More concrete is the claim that Digital Homicide spoke with Valve representatives Connor Malone and Tom Giardino, where they allegedly told Romine they would be disabling the company's developer account. Romine claims that he was able to convince Malone and Giardino to leave the account in exchange for de-listing the rest of Digital Homicide's then-current Steam Greenlight projects. We've reached out to Giardino for comment, since Malone's contact information does not currently appear on Valve's 'People' page.

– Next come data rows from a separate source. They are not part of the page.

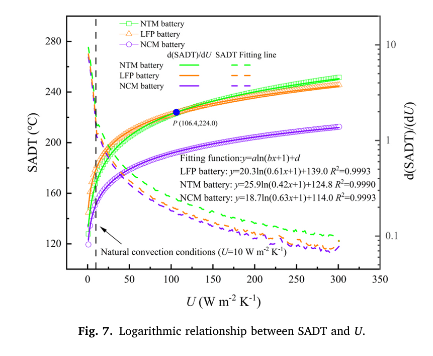 在电池储存和运输场景中,当环境温度(T0)升高到一定程度,系统放热速率大于散热速率,导致电池温度持续上升,直至触发电池热失控。此临界温度 (T0) 即为 SADT。本研究基于BAC-90A测试的热特性参数,结合热平衡方程和谢苗诺夫模型。计算出了三种电池的自加速分解温度(SADT)与系统表面传热系数(U)的对数关系。为评估电池在不同散热条件下的热失控临界性提供量化依据。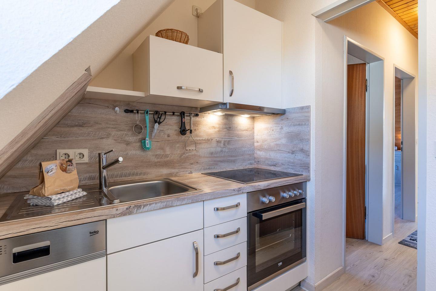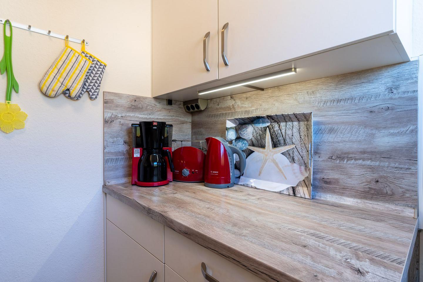 • Küche: Moderne Ausstattung mit Geschirrspüler, Cerankochfeld, Backofen, Kühlschrank mit Gefrierfach, Kaffeemaschine, Toaster und Wasserkocher – ideal für die Zubereitung leckerer Mahlzeiten.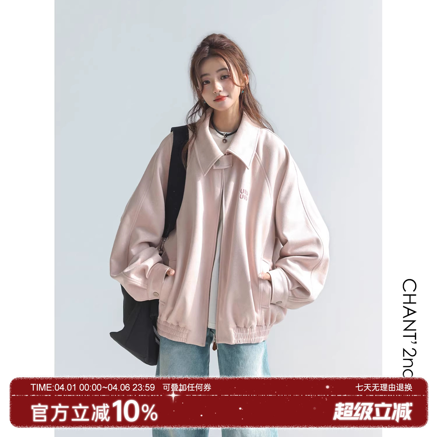 "CHANT2nd" star matches pink suede jacket jacket women's 2026 spring-autumn Korean chic top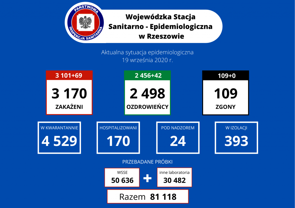 Liczba osób zakażonych koronawirusem na Podkarpaciu wzrosła w ten sposób do 3170. Aktualnie w naszym regionie pod nadzorem sanepidu pozostaje 24 osoby, 4 529 przebywa na kwarantannie, a w izolacji znajduje się 393 osób. Z potwierdzonym COVID-19 hospitalizowanych jest z kolei 170 osób.
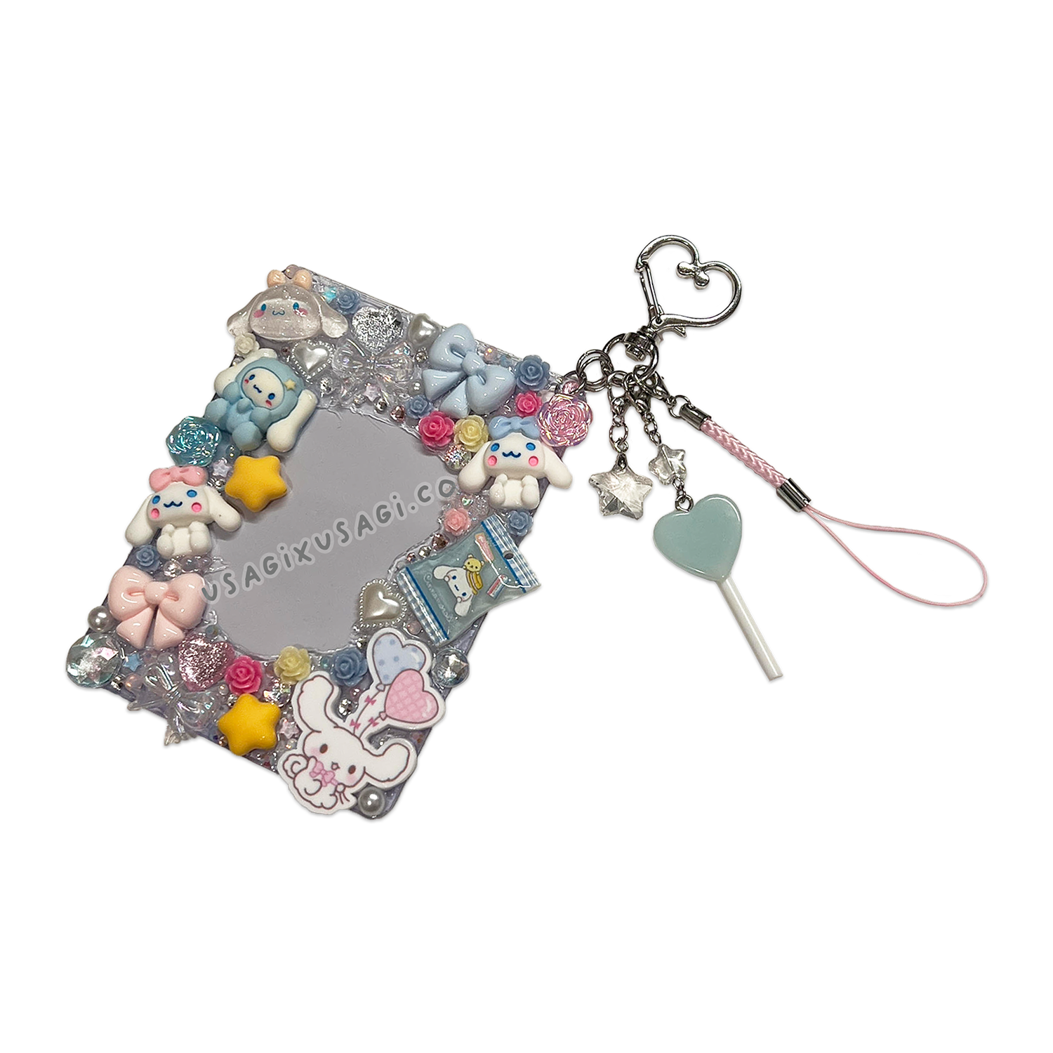 Sprinkle a little sweetness overload into your photocard game with our dreamy Cinnamoroll-inspired decoden toploader! 🐶🍓💫 Designed in soft pastel blue and pink, this handmade creation is bursting with kawaii charm—from glittery cabochons to heart gems and sugary cute accents! 💕🎀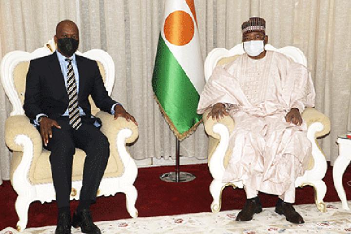 Africa-Press – Niger. Le Premier ministre, chef du gouvernement, M. Ouhoumoudou Mahamadou a accordé, hier 30 août 2021, une audience au Secrétaire général de la Zone de Libre-Echange Continentale Africaine (ZLECAf), M. Wamkele Mene, en visite de travail à Niamey. Au cœur des échanges, la situation de la ZLECAf et le leadership du Niger au sein de cette institution continentale.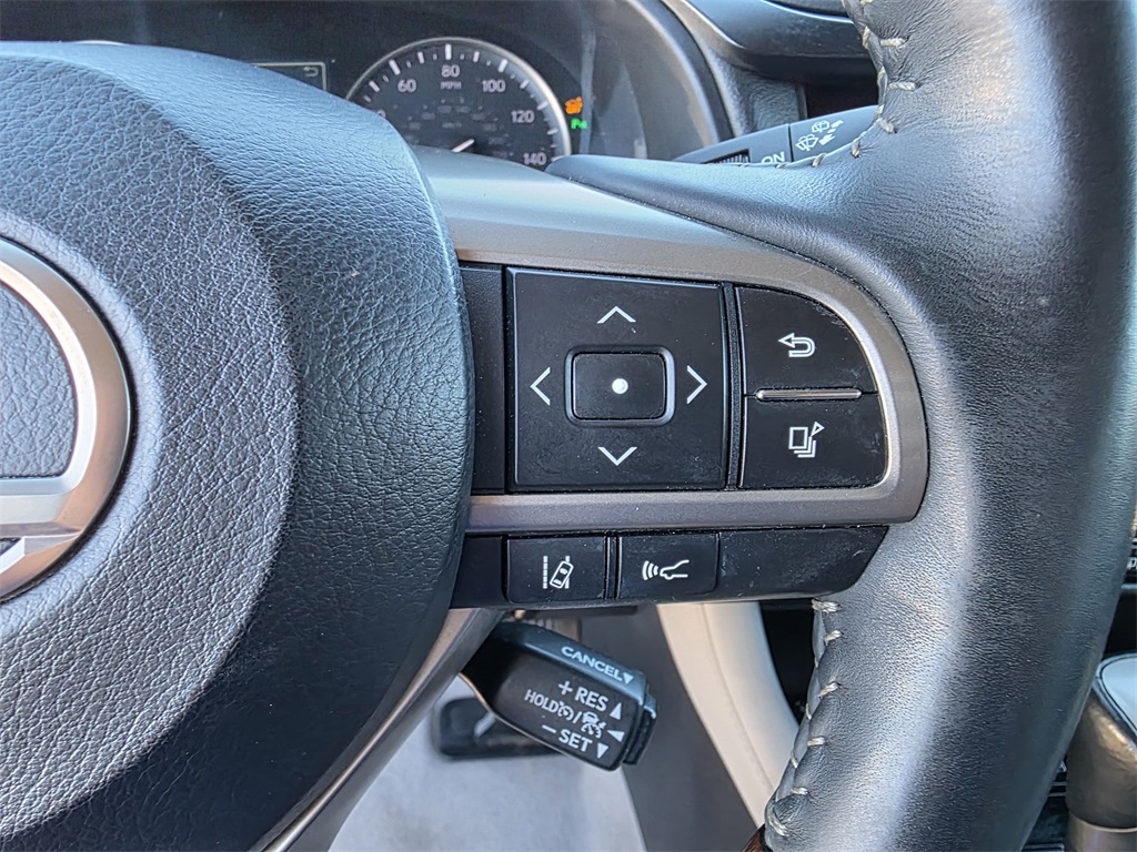 Black w/F Sport Leather, 3.329 Axle Ratio, 4-Wheel Disc Brakes, 9 Speakers, ABS brakes, Active Cruise Control, Air Conditioning, Alloy wheels, AM/FM radio: SiriusXM, Anti-whiplash front head restraints, Auto High-beam Headlights, Auto-dimming Rear-View mirror, Automatic temperature control, Backup Monitor, Brake assist, Bumpers: body-color, CD player, Compass, Delay-off headlights, Driver door bin, Driver vanity mirror, Dual front impact airbags, Dual front side impact airbags, Electronic Stability Control, Exterior Parking Camera Rear, Four wheel independent suspension, Front anti-roll bar, Front Bucket Seats, Front Center Armrest, Front dual zone A/C, Front fog lights, Front reading lights, Fully automatic headlights, Garage door transmitter: HomeLink, Heated door mirrors, Illuminated entry, Knee airbag, Leather Shift Knob, Leather steering wheel, Low tire pressure warning, NuLuxe Seat Trim, Occupant sensing airbag, Outside temperature display, Overhead airbag, Overhead console, Panic alarm, Passenger door bin, Passenger vanity mirror, Power door mirrors, Power driver seat, Power Liftgate, Power passenger seat, Power steering, Power windows, Radio data system, Radio: AM/FM/CD Lexus Display Audio, Rain sensing wipers, Rear anti-roll bar, Rear reading lights, Rear seat center armrest, Rear side impact airbag, Rear window defroster, Rear window wiper, Remote keyless entry, Security system, Speed control, Speed-sensing steering, Split folding rear seat, Spoiler, Steering wheel mounted audio controls, Tachometer, Telescoping steering wheel, Tilt steering wheel, Traction control, Trip computer, Turn signal indicator mirrors, Variably intermittent wipers, Wheels: 18" x 8" 7-Spoke Aluminum.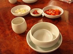 すぐにビールとキムチ等の小菜が置かれる。まずは乾杯!! ビール飲みながらサムゲタン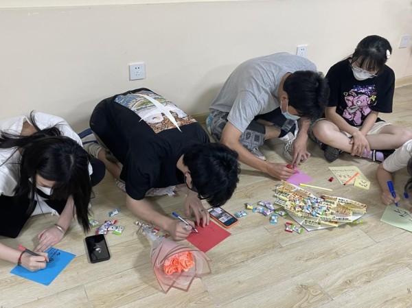 幸福是可以相互感染与传递的,在同学们获得满满的幸福感后,陆老师请同学们思考并以绘画的形式画出自己将为他人制造小确幸的行动,同学们分享了计划传递幸福的行动有“下雨天送没有带伞的同学回宿舍”、“倾听同学们的烦恼”、“给家人打电话”“一起看日落”、“给室友打饭”......接着,陆老师为同学们分发准备的小确幸(糖果),祝愿同学们爱己爱人,鼓励同学们去行动落实,以自己微小的行动将幸福与爱传递给身边的人,温暖他人。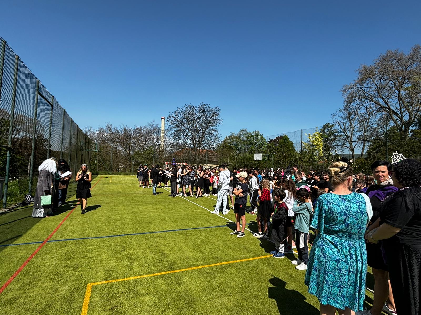 Po uplynutí třetí vyučovací hodiny se všechny děti s učiteli přesunuli na zahradu, kde také probíhalo současně několik aktivit. Pět vybraných zástupců z každé koleje hrálo Famfrpál. Mnoho dětí si sedlo okolo hřiště a sledovalo podívanou, jiné raději zavítaly do stánku s Bertíkovy fazolkami, a dobrovolníci z devátých tříd měli možnost hledat „Tajemnou komnatu“ – procházeli postupně kabinety ve škole, kde na ně čekali rébusy, které je zavedli nakonec až k Lordu Voldemortovi.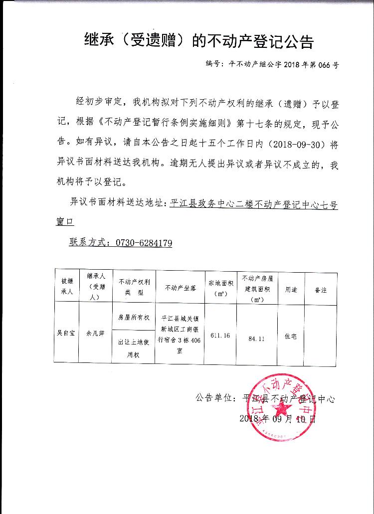 余凡萍继承(受遗赠)的不动产登记公告平不动产继公字2018年第066号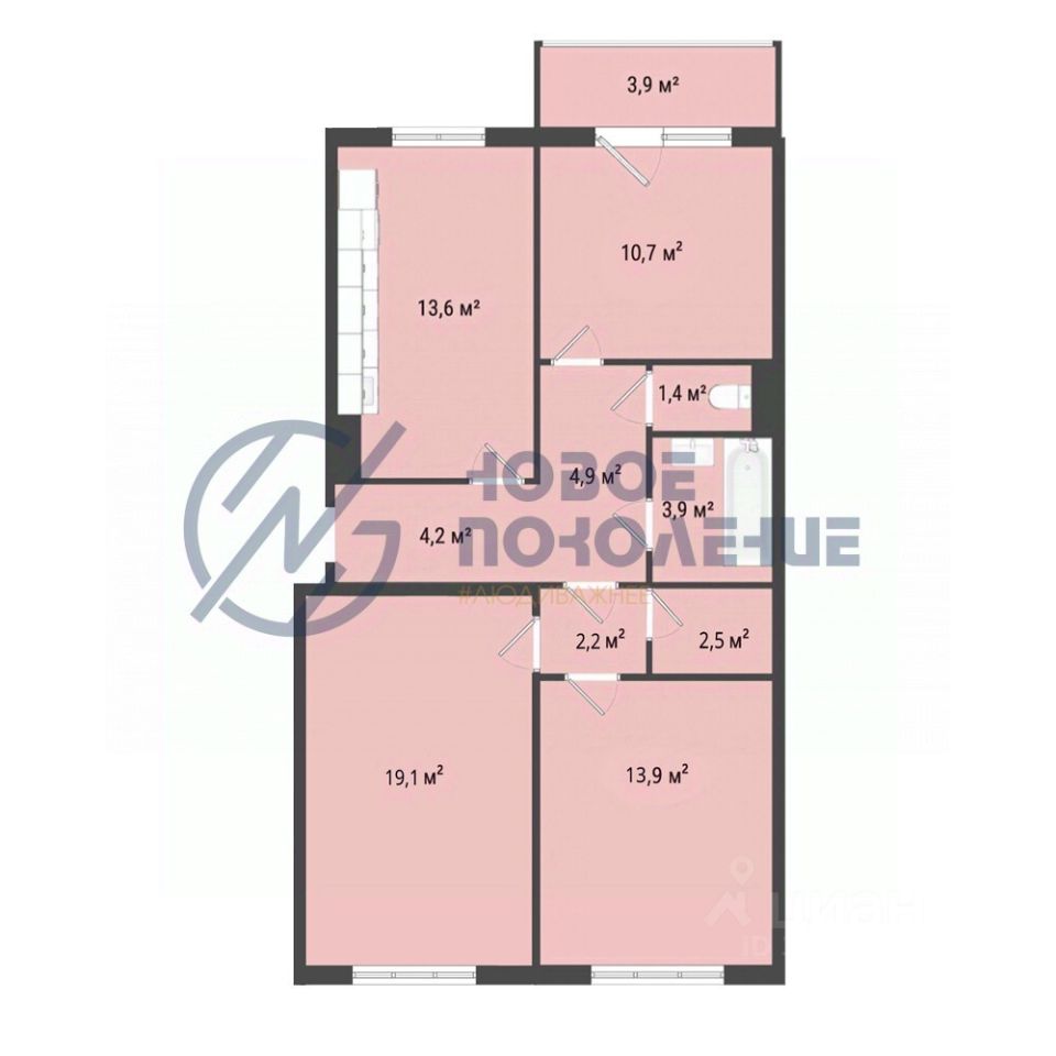 Компания недвижимости "НОВОЕ ПОКОЛЕНИЕ" предлагает к продаже трехкомнатную квартиру в сданном доме.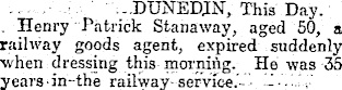 Dunedin, This Day. Henry Patrick Stanaway, aged 50, a railway goods agent, expired suddenly when dressing this morning. He was 35 years in the railway service.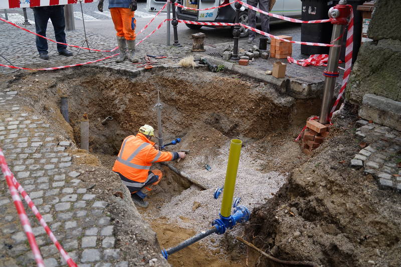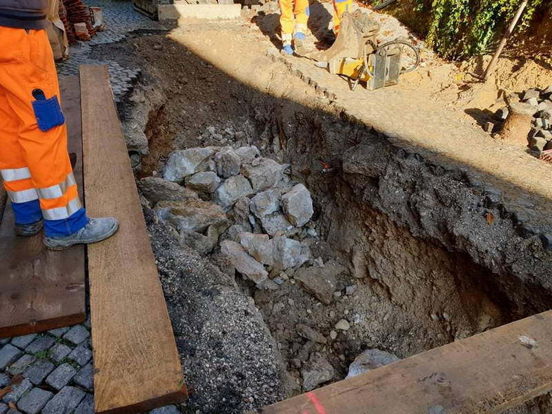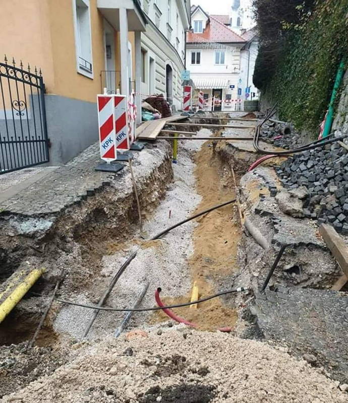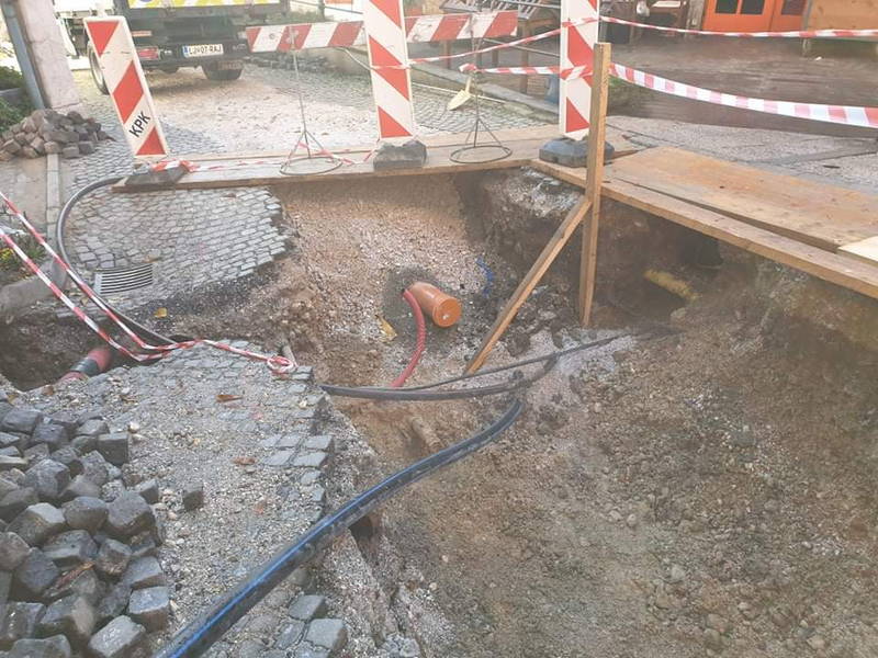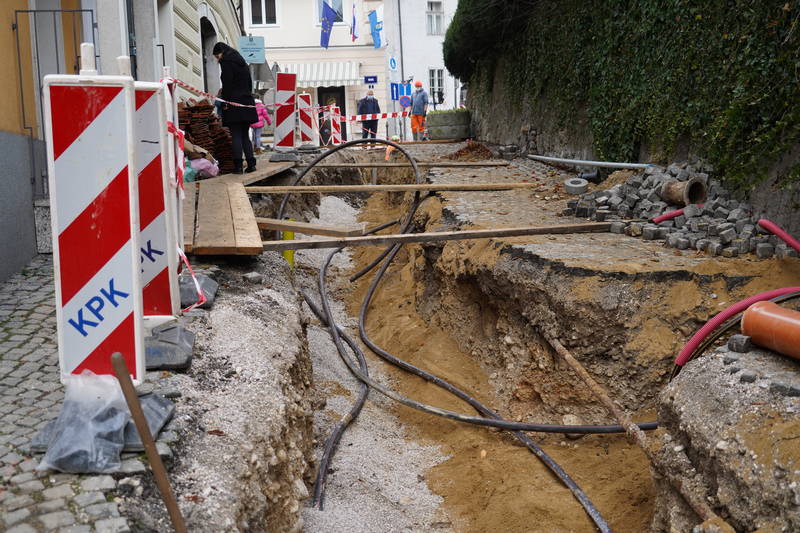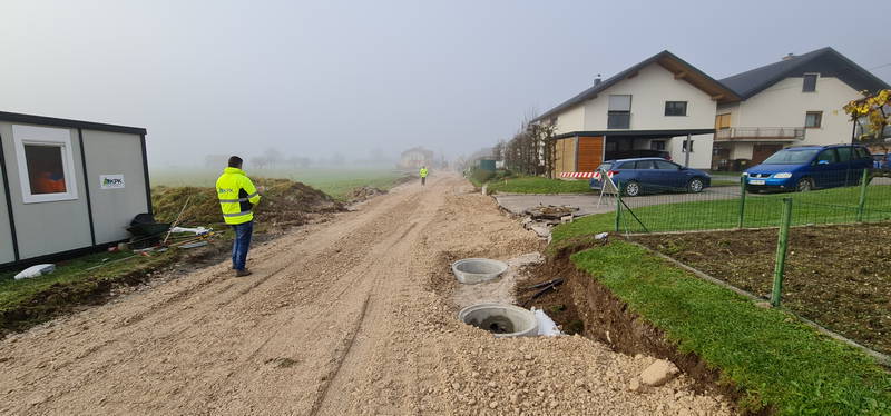 Pred začetkom del je bila urejena zapora, dela pa so se začela z izkopom in polaganjem cevi za javno razsvetljavo, valjanca ter jaškov.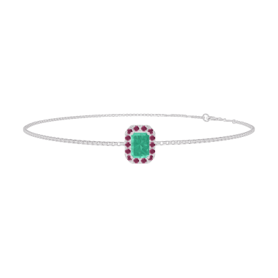 « L'ATELIER » Nº200856Armband Weißgold 375/-(9Kt) - Smaragd Rechteckig 0.3 Karat - Halo Rubin - Kette Venezianerkette

Sterling is not currently commenting on the lawsuit, but he addressed the matter on his ask.fm page. "I have nothing yet to say about any legal situations. In unrelated news I am in a very confident mood today." In a comment sent to Gameranx and later to Destructoid, Sterling said he was "dealing with the situation" and re-emphasizing his confidence. Sterling has previously criticized Digital Homicide for pushing multiple games of low quality through the Steam storefront, most of which he claims are built exclusively using pre-purchased Unity assets.
In the course of his investigation into Digital Homicide, Sterling claims the company published multiple games under different banners, including "Micro Strategic Game Designs" and "ECC Games." Sterling also claims to have gotten in touch with previously existing company ECC Games Poland, where he quotes producer Dorota Muzynska as saying "We probably fell victim to a people previously known as Digital Homicide. We have already taken legal actions aimed at ceasing infringement of ECC Games rights." We have also reached out to ECC Games for comment regarding this claim.
When asked for comment, Robert Romine instead forwarded Destructoid his entire conversation with another gaming outlet. When pressed for comment on the questions we actually sent, Romine said they were not disclosing the names of the attorneys involved in the case. He also framed the case as a fight against online harassment. "We hope this case and documentation will show others they don't have to take it, what to do when it happens, and that those who do it will be punished."
Romine also told us that "re-printing defamatory materials in your own words would result in liability on your part," which sounds an awful lot like a threat to me.
According to multiple sources close to the story, Destructoid does not kowtow to threats.